Written by Robert Shibatani

Summer is here, well, not officially…

But as California prepares itself for the “business-end” of what is shaping up to be a long, hot summer, water operations managers are running out of options.  Savvy CVOC operators along with their DWR counterparts can skillfully manipulate our CVP water system in a number of ways over the course of any WY, particularly during the flood season and the ramp-up to the irrigation season.  But even that has limits; for at some point, no other options remain and the inevitable plunge in carryover reserves becomes unavoidable. The implications to future water quality and fisheries concerns over the next several months builds with each passing day as the carryover reserves in the CVP/SWP terminal reservoirs simply will not be available.

Northern CVP reservoir storage was 4.626 million acre-feet (MAF) as of Memorial Day.  This is a little under 60% of the long-term storage average and about 638,000 acre-feet (AF) lower than it was on this same date last year.  All major federal and State reservoirs are below their 15-year averages (e.g., Trinity – 44%, Shasta – 53%, New Melones – 61%, San Luis (federal) – 65%) for storage.

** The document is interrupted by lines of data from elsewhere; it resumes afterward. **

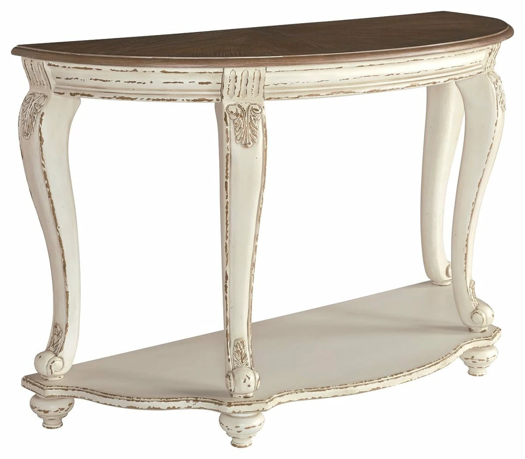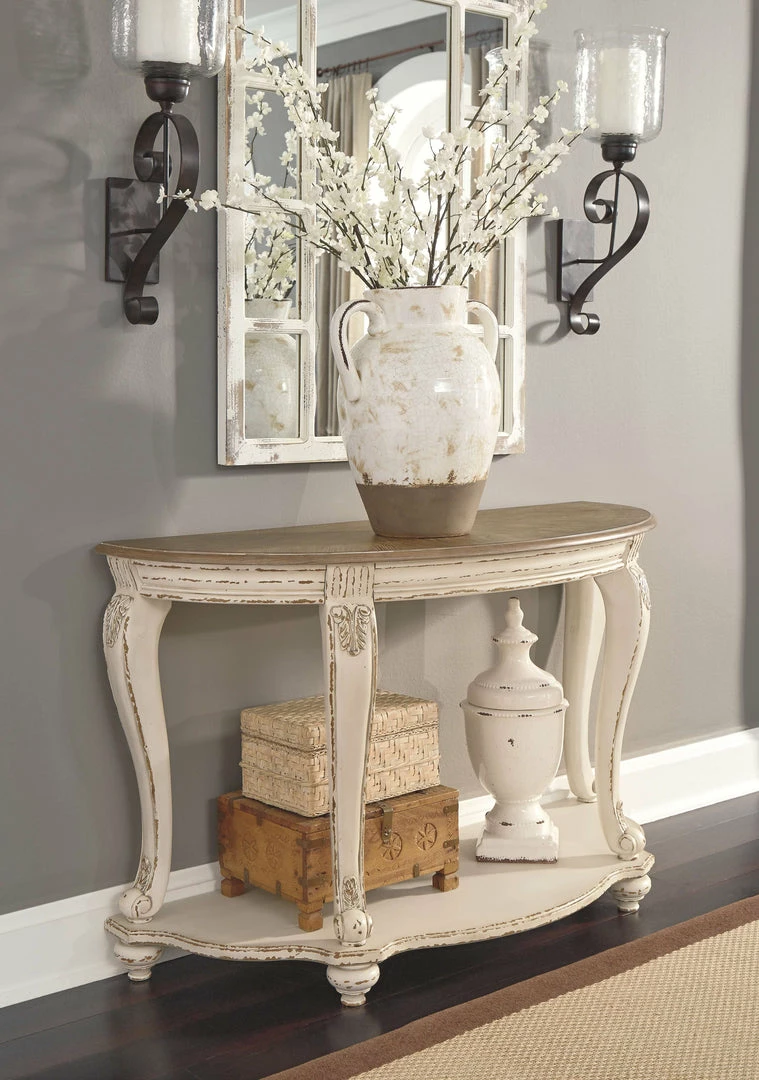 Elevating the art of traditional cottage styling, this demilune sofa table is sure to serve you beautifully for years to come. Antiqued two-tone aesthetic blends a chipped white with a distressed wood finished top for added charm. Classic cabriole legs and shapely lower shelf are a lovely twist. Decorative corbels add refinement.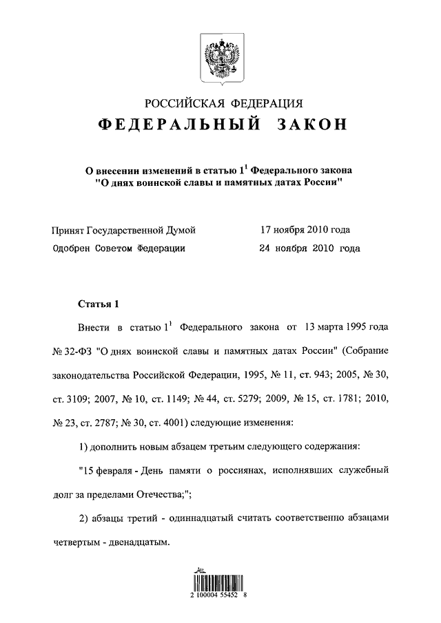 "О ВНЕСЕНИИ ИЗМЕНЕНИЙ В СТАТЬЮ 1.1 ФЕДЕРАЛЬНОГО ЗАКОНА "О ДНЯХ ВОИНСКОЙ СЛАВЫ И ПАМЯТНЫХ ДАТАХ РОССИИ"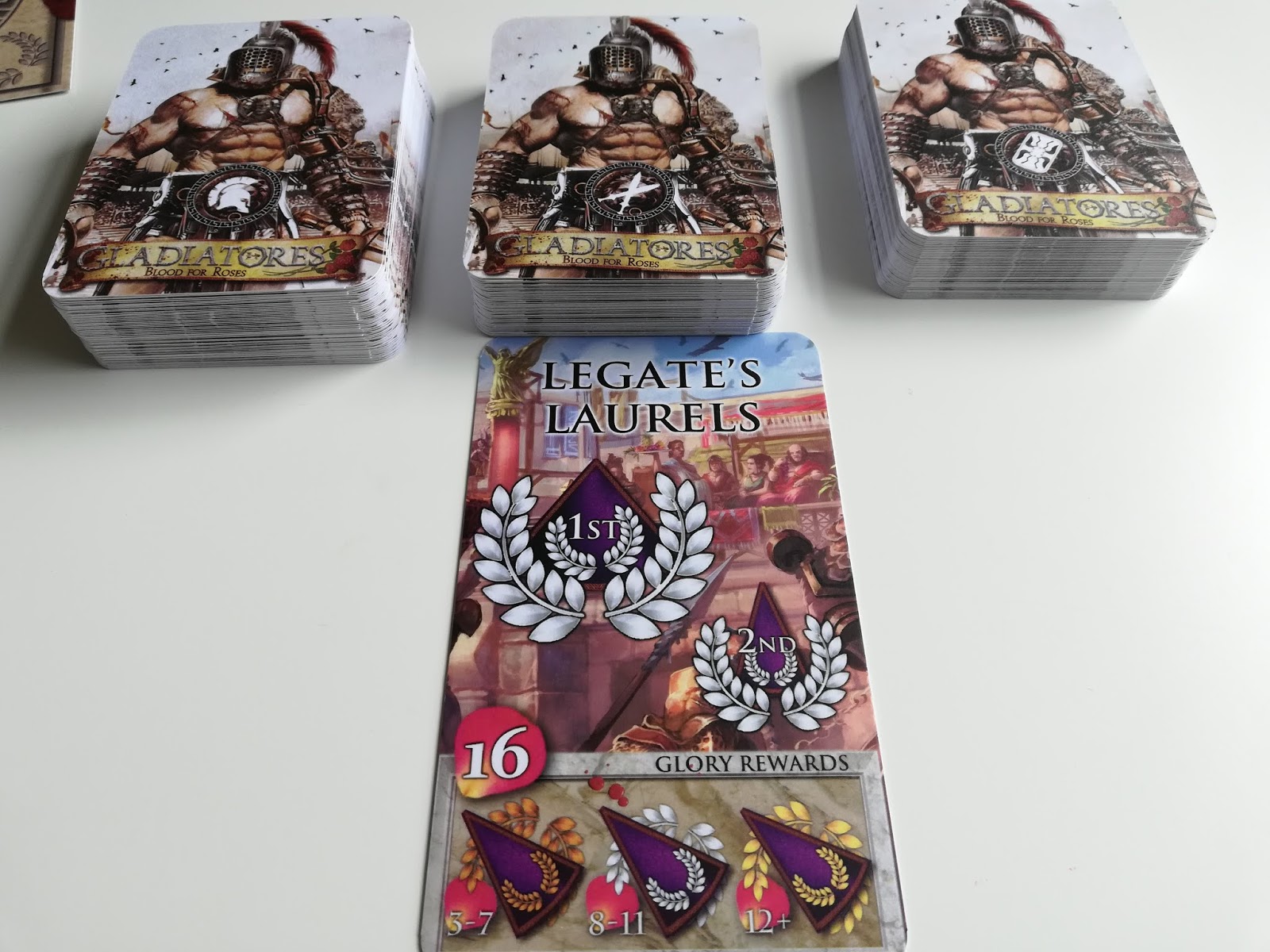 The game adds a lot more than just the combat however. There’s also an auction element, with players able to bid on gladiators to fight for their Ludus. Tactics cards and Sponsor cards can also be added to give some more options to the game. There are several events players can fight in with varying rewards. The winners of each event gain varying amounts of glory which are then placed upon the player board as wreath tokens with bonuses being unlocked as the game progresses across multiple events.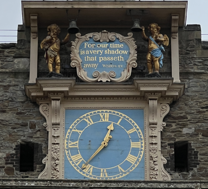 Small point: Lewis Billiard probably did not make the St Mary’s clock. He had been apprenticed to the Royal clockmaker, Alan Bawdyson, and the clock in all likelihood came from Hampton Court Palace, having been replaced there by the elaborate clock one can see today. Keith Scobie-Youngs of Cumbria Clocks, the company which maintains ours, has established that of the three very similar tower clocks (the others are in Wells and Salisbury cathedrals) ours is the oldest, and is thus the oldest church clock in the country, and the only one of the three still in its original position. Just to note also that the CCTV engineers are attending next week to disentangle the cable that has wound itself around the hands shaft, so our very special clock should be up and running again soon.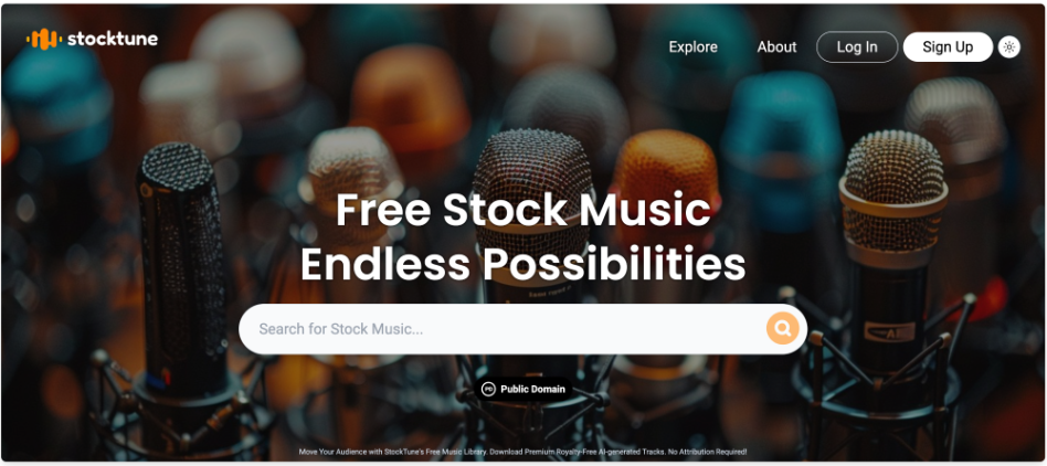 Discover StockTune, the ultimate royalty-free stock music platform for content creators. Powered by AI, our extensive library offers high-quality tracks across various genres. All songs are in the public domain, allowing you to use them in your projects without licensing fees. Whether you're a YouTuber, filmmaker, or artist, StockTune provides the perfect soundtrack to elevate your content. With new music added regularly and a user-friendly interface, finding the ideal track is a breeze. Unlock the future of stock music and bring your creative vision to life with StockTune.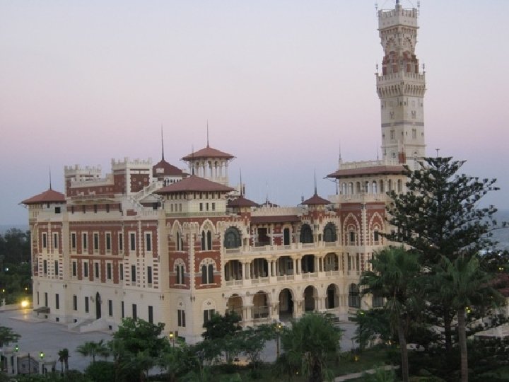 Le palais El Haramlek Dans lequel descendaient les femmes de la cout royale Il fut bâti dans un grand jardin très bien organise et donne sur une vue splendide d'un des principaux golfs d'Alexandrie le golf de Montazah Après la révolution de 1952 le premier étage de ce palais a été transformé en casino mondial mais le second et troisième étage en hôtel de cinq étoiles Le Palais Salamlek Il a été construit pour la résidence des courtisans du roi, On y trouve les belles toiles , de beaux consols. de superbes lustres et les suites royales qui renferment les souvenirs de la famille royale De nos jours il a été transformé en hôtel de luxe qui comprend des chambres qui varient entre suites simples et doubles, Comme on y trouve aussi des plages privées , un centre d'affaires , des salles de réunions , un parking , de vastes jardins , des magasins pour du shopping et les bazars, ainsi que des chambres varient entre suites simples et doubles, qui varier aussi dans leur prix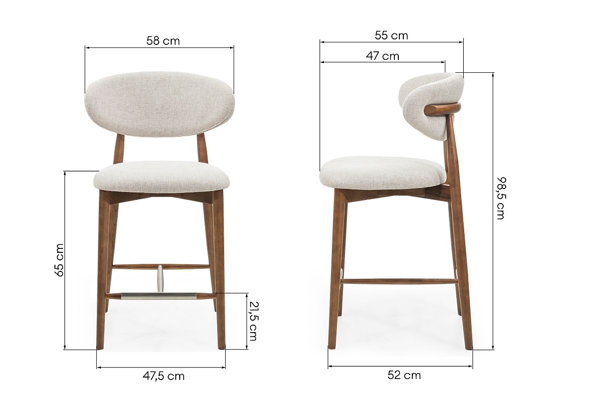 Sgabello da bar in tessuto beige con struttura in legno di frassino marrone. .. altro
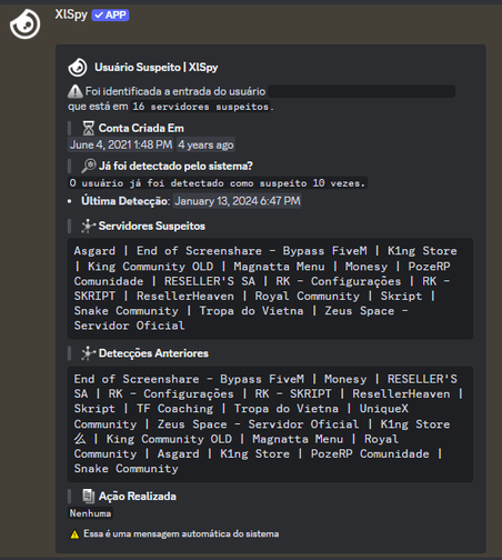 🕵️ Sistema de monitoramento da entrada de usuários que utilizam trapaças mais utilizado por servidores da plataforma FiveM.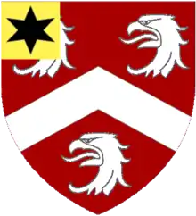 Gules a chevron between three eagles' heads erased Argent langued Azure on a canton Or a star of six points Sable.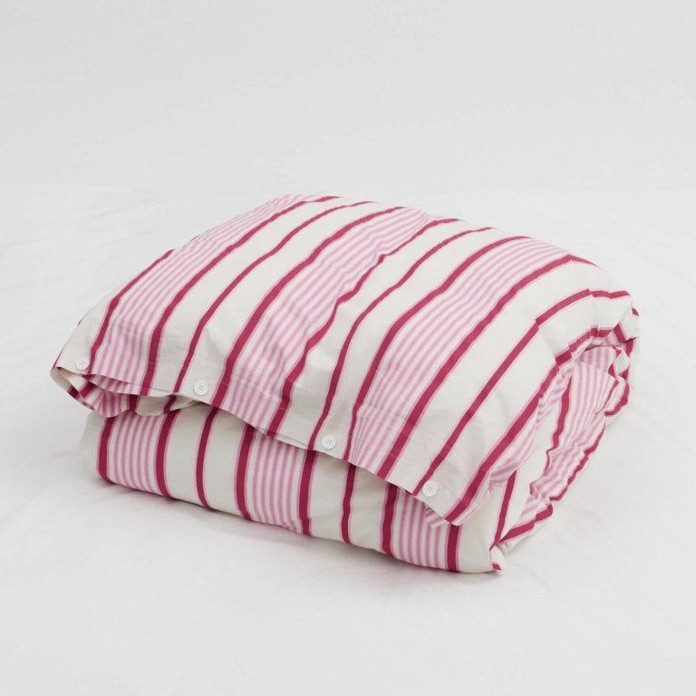 A preppy touch like stripes is the perfect way to tone down a kitschy, over-the-top Barbiecore vibe. A little beachy, a little playful, and all you need to pack a punch in a bedroom.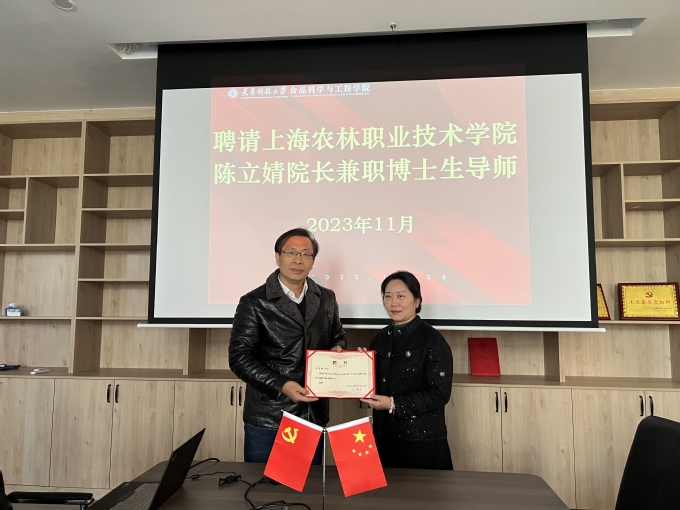 陈立婧院长现为上海市水产学会、动物学会、生态学会会员,国际生态经济协会会员,《高校生物学教学研究(电子版)》编委,上海现代农业职业教育集团理事长。此次受聘为天津科技大学食品科学与工程学院兼职博士生导师,她表示将以学科发展为引领,面向生物和食品产业发展前沿,结合科研与职教,希望能培养出产、学、研一体化,满足当今中国社会快速发展需求的高素质的人才。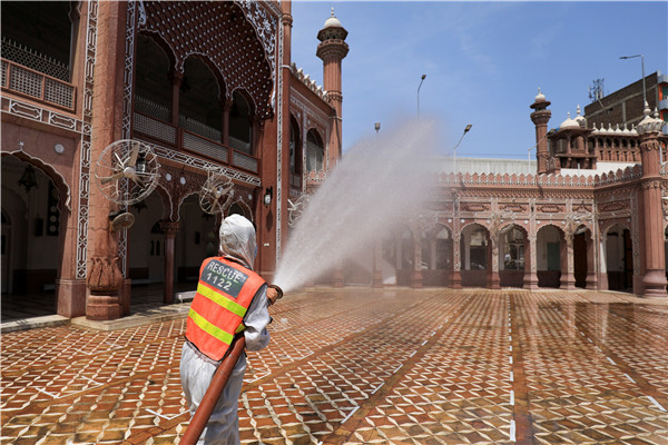 巴基斯坦白沙瓦,一名工作人員在齋月前為一座清真寺噴灑消毒劑。

The notable exception, however, and this year’s anomaly (perhaps even the decade’s), is our redoubtable Folsom Reservoir.   Yesterday’s storage was 865,000 AF, over a half-million AF more than it was on this same date last year.  A quick check confirms that WY cumulative precipitation in the source area inflow watersheds above Folsom wasn’t abnormal; in fact Blue Canyon’s accumulated year-to-date precipitation is 97% of average (the ET/P↓ ratio for May is 272:1).  Clearly, the reservoir did not (and is not) enjoying an overly favorable precipitation season, relative to other noteworthy hydroclimatologic variables.  Moreover, the reservoir is not, and has not been “scrimping” on releases to the lower American River (we’ve been monitoring Nimbus Dam releases daily).  Yesterday, in fact, Folsom Reservoir was releasing 1,819 cfs, only 8% below the 15-year median for Memorial Day; and that has been the case for much of the spring.

The fact remains, current storage in Folsom Reservoir is 111% of its average and the reservoir remains 89% full.  Average daily inflows are calculated to be a little over 3,300 cfs but this value should be viewed as simply the numerical average over a descending 30-day sample size.  Just to stay on Folsom Reservoir a moment longer… as of Memorial Day, the reservoir had actually added over 96,000 AF for the month of May alone.  No other reservoir in California, let alone the western States can claim to be adding new carryover equivalent to 10% of its total reservoir capacity during this drought… except Folsom.

As for the rest of the State, the Sierra Nevada snowpack is essentially gone.  Average SWE across California is less than 1 inch and this value as a percentage of the April 1st and normal value for this date are 2 and 6%, respectively.

The Northern Sierra Precipitation – 8 – Station Index stands at 39.9 inches (with current totals representing 78% of average).  For the San Joaquin Precipitation – 5 – Station Index, the current 24.3 inches represent 63% of average for this date.  For the Tulare Basin Precipitation – 6 – Station Index, the current 16.0 inches is only 59% of average.